No heads for needed for this recipe, just some diced shoulder. And don't be put off by the long list of ingredients - this is simplicity itself to make. It takes just 5-10 minutes to prep. Makes enough for two portions, so you can eat one and freeze one.

What you need:  
A good glug of olive oil
About 300g goat meat, cubed
1 onion, chopped
2-3 cloves of garlic, crushed
About 3/4 pint chicken stock
1 orange, juiced and zested
Piece of cinnamon stick, about 3cm
Piece of fresh ginger, about 2cm, peeled and very finely chopped
Half a preserved lemon, finely sliced
Handful of pitted green olives
Handful of dried apricots
Handful of finely chopped fresh mint leaves
2 dessert spoonfuls of ground almonds
About a dessert spoonful of flaked almonds
Seasoning
A little chopped coriander

What to do: 
Using a heavy sauteuse, brown the goat in the olive oil over a high heat then scoop it out and set aside while you fry off the onions and garlic in the same oil until translucent and giving off aroma. Return the meat to the pan and pour in the stock, plus the orange zest and juice, cinnamon stick, ginger, preserved lemon and green olives. Grind in some black pepper. Turn down the heat until it's just simmering and leave for about 2 hours. (You can transfer it to the oven if you prefer - about 160C.) Check on it occasionally and top up with boiling water if it looks like it might dry out.

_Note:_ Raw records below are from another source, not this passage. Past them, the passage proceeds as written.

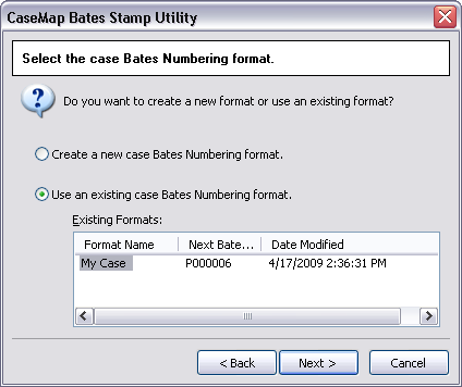 If you select the Use an existing case Bates Numbering format option, CaseMap will continue using the format you have already been using.
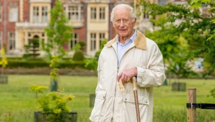 نشر قصر باكنغهام صورة جديدة للعاهل البريطاني، تشارلز الثالث يحمل عصا، احتفالا بعيد ميلاده الـ77 الذي يصادف اليوم الجمعة.
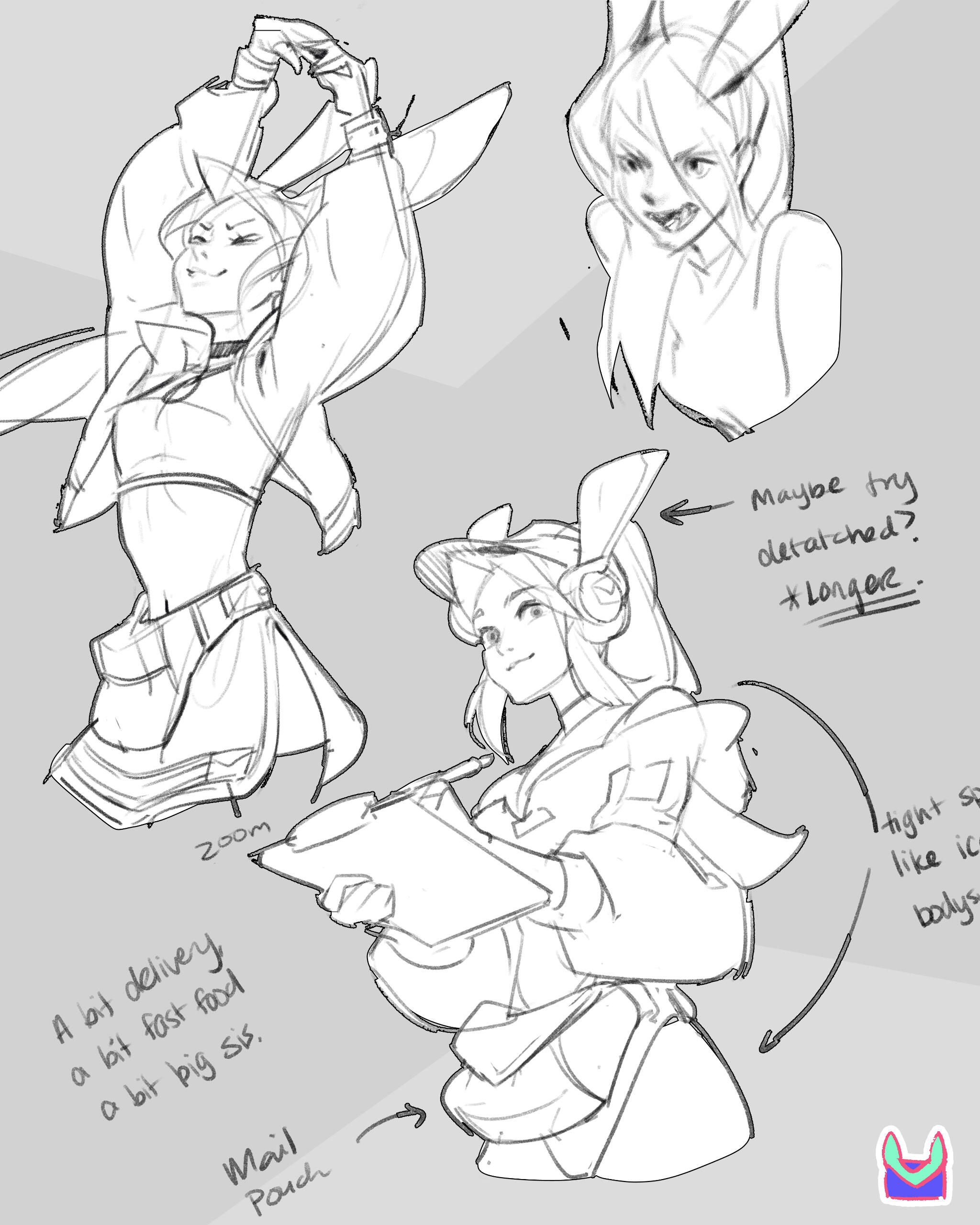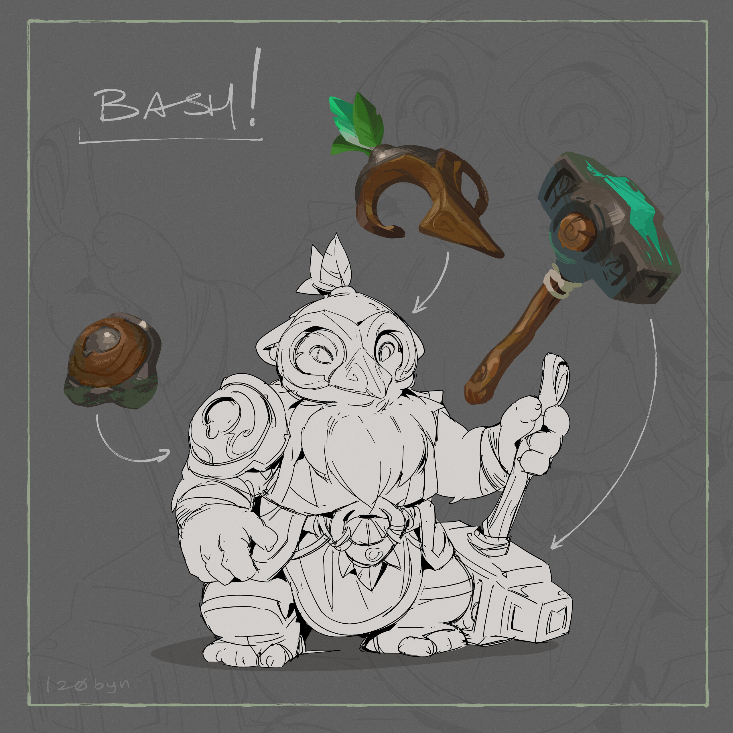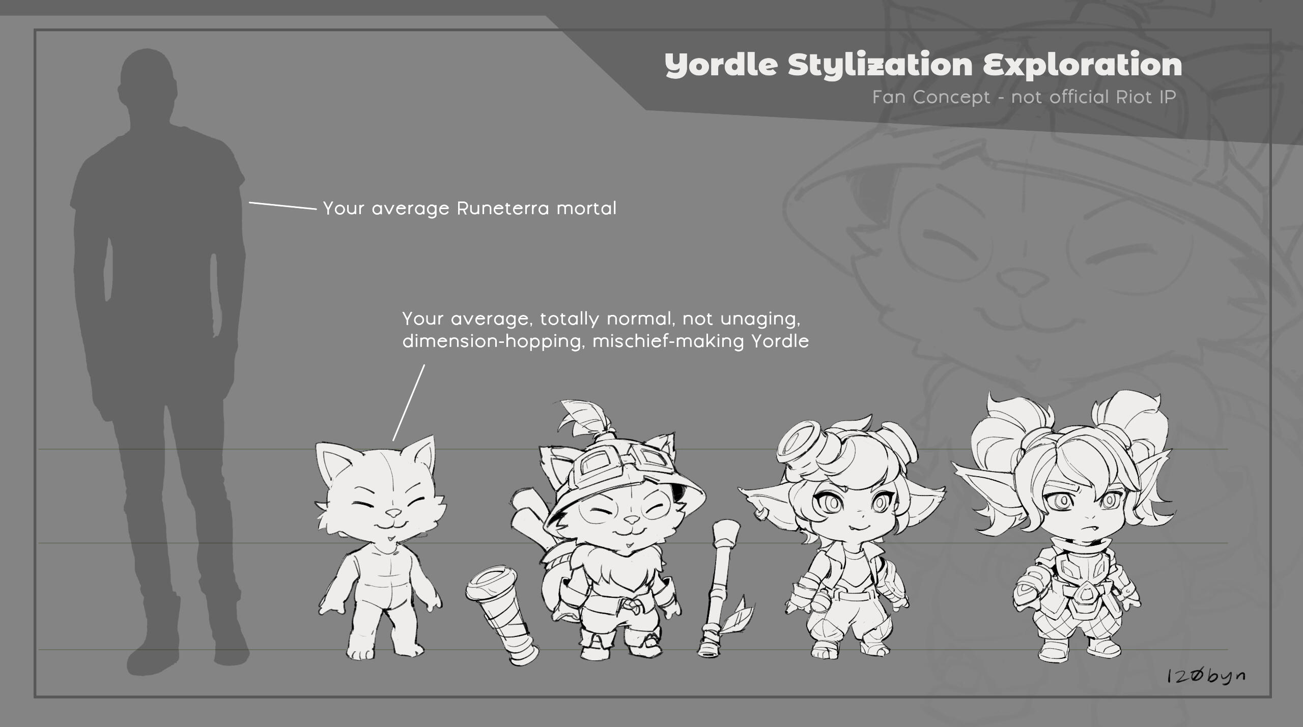 Even though these characters are already designed, I kind of wanted to take a stab at the stylization and proportions. I mostly wanted to see if I could get characters like Tristana and Poppy—who are much more humanlized—to feel like they share the same species as Teemo and Rumble. I also prefer to imagine them being a bit chunky, more creature-like; a little bit more like the Lalafell in FFXIV. I feel like this chunky chibi-inspired shape suits their proportions pretty well.I changed up their gear a bit, but it's not all completely solved yet. I think I'd have to do a deep dive and sort them out in detail - esp Poppy's armor, which I'd love to consolidate some of the shape language.

After 2 hours, add the apricots, mint and ground almonds, stir through and let it cook for another half an hour or so. The meat should be tender by now and the juices thickened by the almonds. If the meat's not quite ready, just cook it a while longer - it won't spoil.

Season to taste, stir in the flaked almonds and scatter over the coriander then dish up with some cous-cous and a side salad of tomatoes, cucumber and mint dressed with a little olive oil and lemon juice.

Cook's tips:
If you can't get goat meat, use mutton - it'll need about the same cooking time, but be sure to trim off the fat first. If you use lamb, it will only need about an hour to 90 minutes in total to cook.

Tagines are very flexible - if you don't have any apricots, use some dried figs or dates. Black olives can be used instead of green.

If you freeze a portion, do it before you add the flaked almonds and coriander.

Cous-cous doubles in size when it's ready so measure out about half of what you want to eat. Dump it in a heatproof bowl and cover with the same amount of boiling water. Put a plate over the bowl to trap the heat and steam and leave it for 5 minutes. It should have fluffed up - fork it through to break up the grains. If it looks too dry, add a little more water and leave for another minute or so (it's better to have too little water and top up than too much, which will make it soggy). If you have leftover cous-cous, cover it with cling film and chill in the fridge - it makes a good base for a salad.